As described above, attempts are being made to solve the various problems to make a cheap electrolyte solution holder, but the composition is complicated and the expected effect is unlikely to appear, and conversely, the cost is even increased due to complicated manufacturing specifications.

Means for Solving the Problems The present invention has been made in order to solve the above-mentioned problems, and an inorganic powder made of acid-resistant silicate powder and diatomaceous earth as raw materials for glass fibers having an average diameter of only less than 1.0 μm. Is used as an electrolyte holder.

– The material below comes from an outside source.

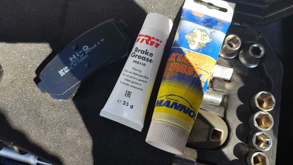 Замена задних колодок, да как и передних, не замысловатая и простая процедура, простая, когда Вы сами правильно делали профилактику тормозного суппорта ранее, да-да, бо заморачиваться на СТО я думаю сильно никто не будет и закладывать нужную смазку за баснословные деньги тоже думаю никто не будет Было много планов на день, а именно замена задних колодок, масла и капитальная уборка салона, НО на первом же суппорте наглухо закисшие направляющие, в итоге одна колодка почти в ноль, второй процентов 50.Греть как типа нужно, не вариант, бо запасных направляющих с резинками нету. В итоге задуваю постепенно под резинку вд40 и пробуем крутить, долго и нудно, постепенно и с постукиванием вышли… оптимально мощные плоскогубцы, крутить и тянуть… все мою очистителем карбюратора и вдшкой, пальцы, резинки и место куда входят. Смазываю места соприкосновения колодок смазкой для тормозных систем и смазываю пальцы смазкой TRW PFG110, 25 грамм хватает как раз на весь авто.

Action The present invention has the above-mentioned features, simplifies the process by limiting the type of glass fiber to an average diameter of less than 1.0 μm, and uses a large amount of 40 to 70% by weight of silica powder and inorganic powder made from diatomaceous earth. An object of the present invention is to provide a sealed lead-acid battery provided with an electrolytic solution holding body that can reduce the cost of the material and the manufacturing cost and improve the problem of stratification of the electrolytic solution.

Example An example of the present invention will be described.

As shown in the composition of the electrolyte holder in Table 1, glass fibers have an average diameter of 0.7 μm, 4 μm, and 16 μm, and inorganic powders such as silicate powder and diatomaceous earth are mixed and stirred with pure water, and then dried after papermaking. Thus, an electrolyte holder made of a porous body having a thickness of 2.4 mm was prepared.

A 200 Ah sealed lead-acid battery was manufactured using these electrolyte holders and a 250 mm-high electrode plate. After injecting an electrolytic solution with a specific gravity of 1.300 and checking the battery capacity, "Discharge 40A (0.2C
A), 8 hours; charge test 60 A (0.3 CA), charge voltage 2.45 V / cell, 8 hours; temperature 20 ° C. " After 10 cycles, the battery was disassembled, the specific gravity of the upper and lower parts of the battery electrode plate was measured, and the specific gravity difference was measured.

According to the results shown in Table 1, in the case of glass fibers having an average diameter of less than 1.0 μm, stratification of the electrolytic solution is suppressed when the amount of the inorganic powder is 40 to 70% by weight. Generally, the problem of stratification is when the specific gravity difference is 0.05 or more,
Between 0.05 and 0.05 is considered a cautionary level.

About the thickness of the glass fiber, for example, average diameter 4.0μ
When m is mixed, the difference in specific gravity becomes large, and it becomes a level to be noted depending on the type of battery. When no glass fiber of less than 1.0 μm is contained, the difference in specific gravity is obviously large. As described above, it was found that when glass fibers having an average diameter of 1.0 μm or more were included, stratification was increased.

As described above, according to the present invention, the average diameter is 1.0 μm.
Because a porous body containing 40 to 70% by weight of acid-resistant silicate powder and diatomaceous earth-based inorganic powder in glass fiber of less than m is used as the electrolyte holder, the electrolyte is layered in a sealed lead-acid battery. And the cost can be reduced by using a large amount of inorganic powder.

 ──────────────────────────────────────────────────続 き Continuation of the front page (56) References JP-A-60-221954 (JP, A) JP-A-61-80750 (JP, A)

Claims (1)

(57) [Claims] 1. An acid-resistant silicic acid powder and an inorganic powder made from diatomaceous earth are mixed with glass fibers having an average diameter of less than 1.0 μm.
A sealed lead-acid battery using a porous body containing 40 to 70% by weight as an electrolyte holder.